Entonces levantó la mano de Andrea a la altura de sus labios, e imprimió en ella delirante un apasionado beso.
Se estremeció entonces la joven, y Gilberto sintió que ella le rechazaba.
—¡Soy perdido! —murmuró tocando el suelo con su frente, y abandonando pesaroso la mano.
Alzóse ella de improviso con la cabeza erguida como si obedeciera al impulso de algún resorte, o arrastrada por alguna oculta fuerza, pasó junto a Gilberto rozándole el hombro, sin dignarse siquiera fijar su vista en él, que humillado en tierra, abismado de vergüenza y terror, le faltaba aliento, hasta para implorar un perdón que no esperaba alcanzar, y continuó avanzando hacia la puerta con paso violento y penoso.
Al ver Gilberto que se alejaba Andrea, se levantó sobre una de sus manos, y volviéndose lentamente, la siguió con la vista extraviada.
Ella, en tanto, prosiguió en dirección a la puerta, la abrió, y cruzando la antesala, llegó junto a la escalera.
Gilberto, pálido y trémulo, la siguió arrastrándose sobre sus rodillas.
—¡Ay de mí! —exclamaba—, es su enojo tal, que ni aun se ha dignado manifestármelo. Busca a su padre tal vez, le referirá mi vergonzosa locura, y me echarán a la calle como a un lacayo.
El joven enloqueció con la idea de que se vería obligado a abandonar a Taverney, que no vería más a la que era su luz, su alma y su vida, la desesperación le hizo cobrar ánimo: levantóse y se lanzó hacia Andrea gritando:
—¡Perdonadme, señorita, perdonadme por Dios!

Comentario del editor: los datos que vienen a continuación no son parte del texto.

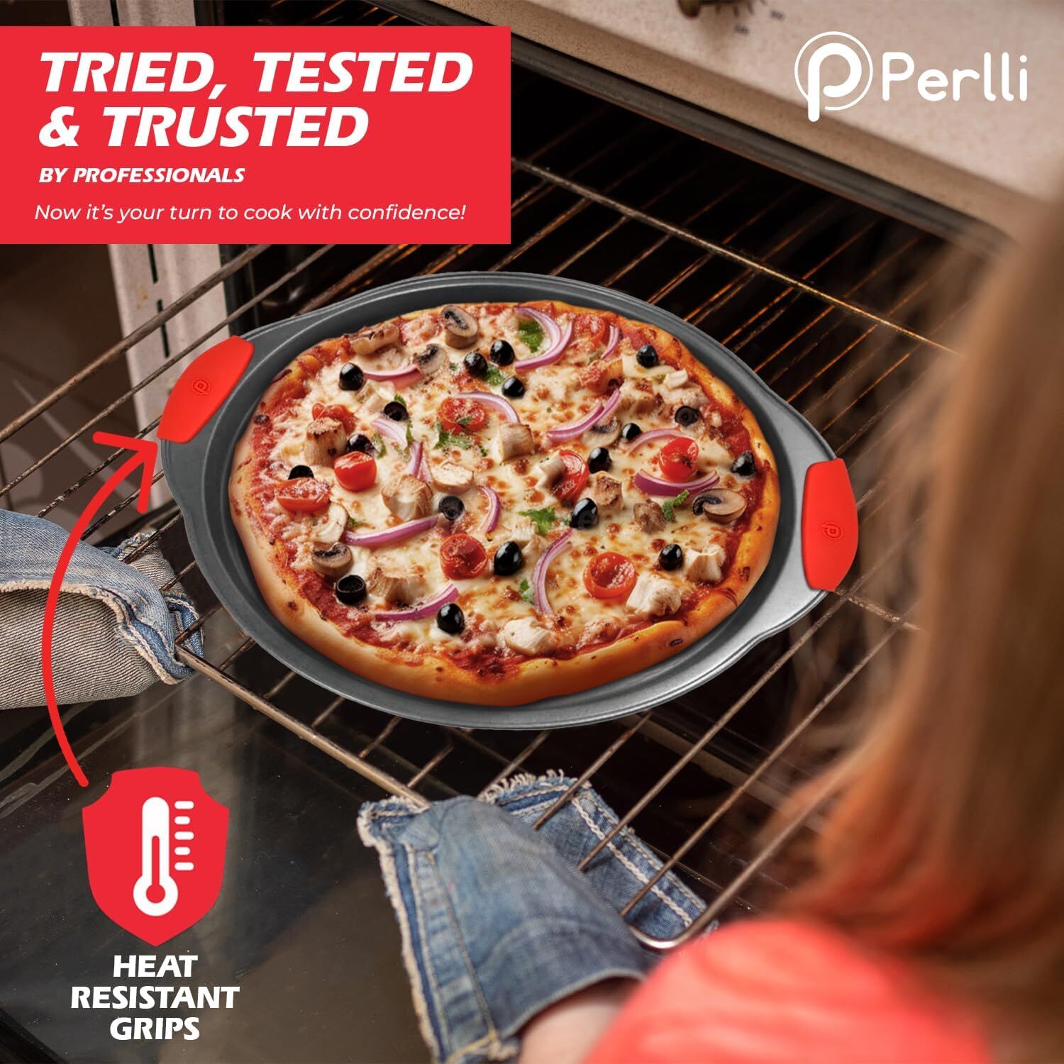 ВЫСОКОКАЧЕСТВЕННАЯ УГЛЕРОДИСТАЯ СТАЛЯ И ТЕРМОСТОЙКИЕ РУЧКИ: Изготовленные из высококачественных материалов из углеродистой стали, эти нетоксичные формы для выпечки останутся в отличном состоянии на долгие годы. Кроме того, они поставляются с термостойкими красными силиконовыми ручками для комфортного использования.

Pero esta no dio indicios de haberle oído y pasó adelante sin detenerse en el cuarto de su padre.
Gilberto se tranquilizó.
Subió Andrea la primera grada de la escalera y luego la segunda…
—¡Dios de bondad! —murmuró Gilberto—, ¿adónde va? Esa escalera sólo conduce al cuarto que habita el extranjero y a la boardilla de La-Brie. Si buscara a este llamaría o tiraría de la campanilla. Irá acaso… ¡Oh!, no es posible.
Y sus puños se crisparon por la rabia, sólo al pensar que Andrea se atreviese a entrar en la habitación del extranjero.
Sin embargo, la joven se detuvo ante la puerta de este.
Un sudor frío bañó la frente de Gilberto, y se cogió a los hierros de la escalera para no caer en tierra. Todo cuanto veía y creía adivinar, le parecía horroroso y fatal.
La puerta de Balsamo estaba entornada. Sin llamar Andrea la empujó. La luz iluminó de pronto sus facciones tan nobles y puras, y se reflejó como oro en sus ojos, que llevaba abiertos.
Fácilmente nuestro joven pudo conocer al extranjero, que estaba de pie en medio de la habitación con la vista fija, entrecejo arrugado y el brazo extendido en actitud imperiosa.
La puerta se cerró.
Gilberto se sintió desmayar. Una de sus manos soltó los hierros, su abrasada frente se apoyó lánguida sobre la otra, y girando sobre sí mismo a semejanza de una rueda que escapa del eje, cayó exánime sobre la helada losa de la primera grada, con la vista fija sobre aquella puerta maldita que concluía de ocultar todos sus ensueños pasados y esperanzas, para el porvenir.